Что касается практической реализации славянского культурно-исторического типа, то здесь прежде всего требовалось решительное избавление от губительного «европейничанья», привитого России петровскими преобразованиями. Европейничанье породило не только «небывалые у нас партии аристократов и демократов», нигилизм и конституционализм, но и возвело «Европу в сан нашей общей Марьи Алексеевны [16], верховной решительницы достоинства наших поступков». Это наносит «величайший вред будущности России», и для пробуждения национального самосознания «необходима борьба Славянства с Западом», необходим «Всеславянский союз» во главе с «вырванным из рук турок» Константинополем.
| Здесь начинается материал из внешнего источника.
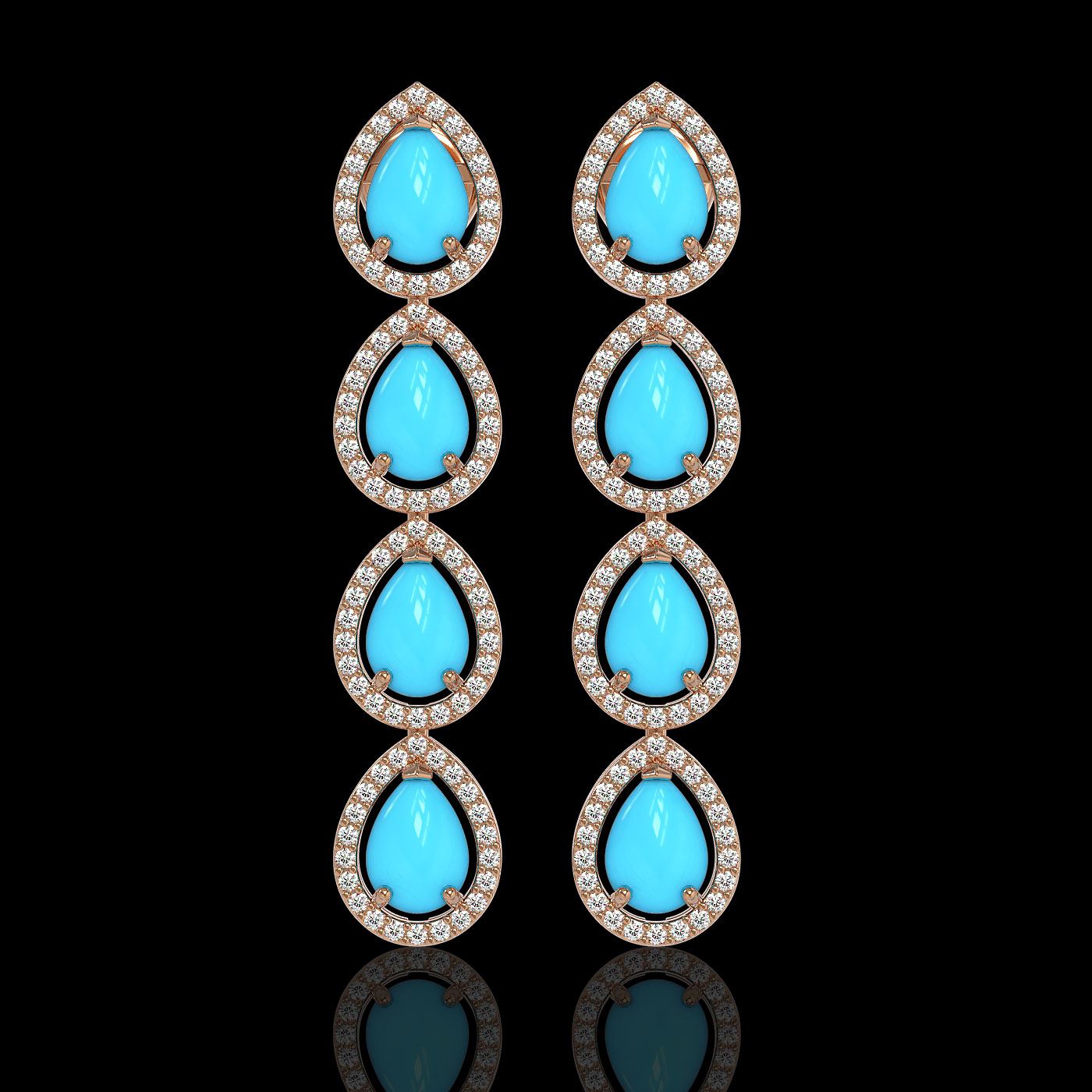 REF-158G2W - SKU: 46052 ---- 6.20 ctw Turquoise & Diamond Micro Pave Halo Earrings 10k Rose Gold

Обладание Константинополем означало бы вступление России «в свое историческое наследие», она стала бы восстановительницей Восточной Римской империи и «начала бы новую Славянскую эру Всемирной истории».
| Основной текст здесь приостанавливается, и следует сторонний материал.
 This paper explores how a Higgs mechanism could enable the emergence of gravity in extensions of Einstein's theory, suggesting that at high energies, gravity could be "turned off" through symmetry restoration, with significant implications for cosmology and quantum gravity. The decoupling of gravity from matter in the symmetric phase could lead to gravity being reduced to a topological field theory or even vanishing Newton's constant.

На такой отвлеченной ностальгической ноте завершалось биение историософских фанфар Данилевского, которое тут же подхватило и продолжило дальше «охранительное и зиждительное» направление русского консерватизма (К.Н. Леонтьев, М.Н. Катков, Л.А. Тихомиров и др.).
3.
а)
Однако Достоевский не вполне соглашался с тем, как понимали православие славянофилы: не церковь, а только Христос воплощал для него богооткровенную истину. Он надеялся, что хоть Данилевский «укажет в полной силе окончательную сущность русского призвания, которая состоит в разоблачении перед миром русского Христа». Достоевскому казалось, что «наш народ просветился уже давно, приняв в свою суть Христа и учение его», а потому быть с народом — значило иметь Христа, терять же связи с ним — становиться атеистами или нигилистами.
Дело не только в чувстве «духовного единения», которое дается верой в Христа; без Христа сам человек стоит за чертой морали. Христос помогал Достоевскому разрешить трагическую антиномию человеческого существования: с одной стороны, греховность, низменность его природы, с другой — восприятие и участие в ней Христа, вочеловечение Бога. Мысль Достоевского была занята проблемой зла, его всю жизнь мучил вопрос о безмерности и цели человеческого страдания. В своей историософии он больше погружался в дебри антропологии и психологии, индивидуализируя этические стереотипы в художественных образах.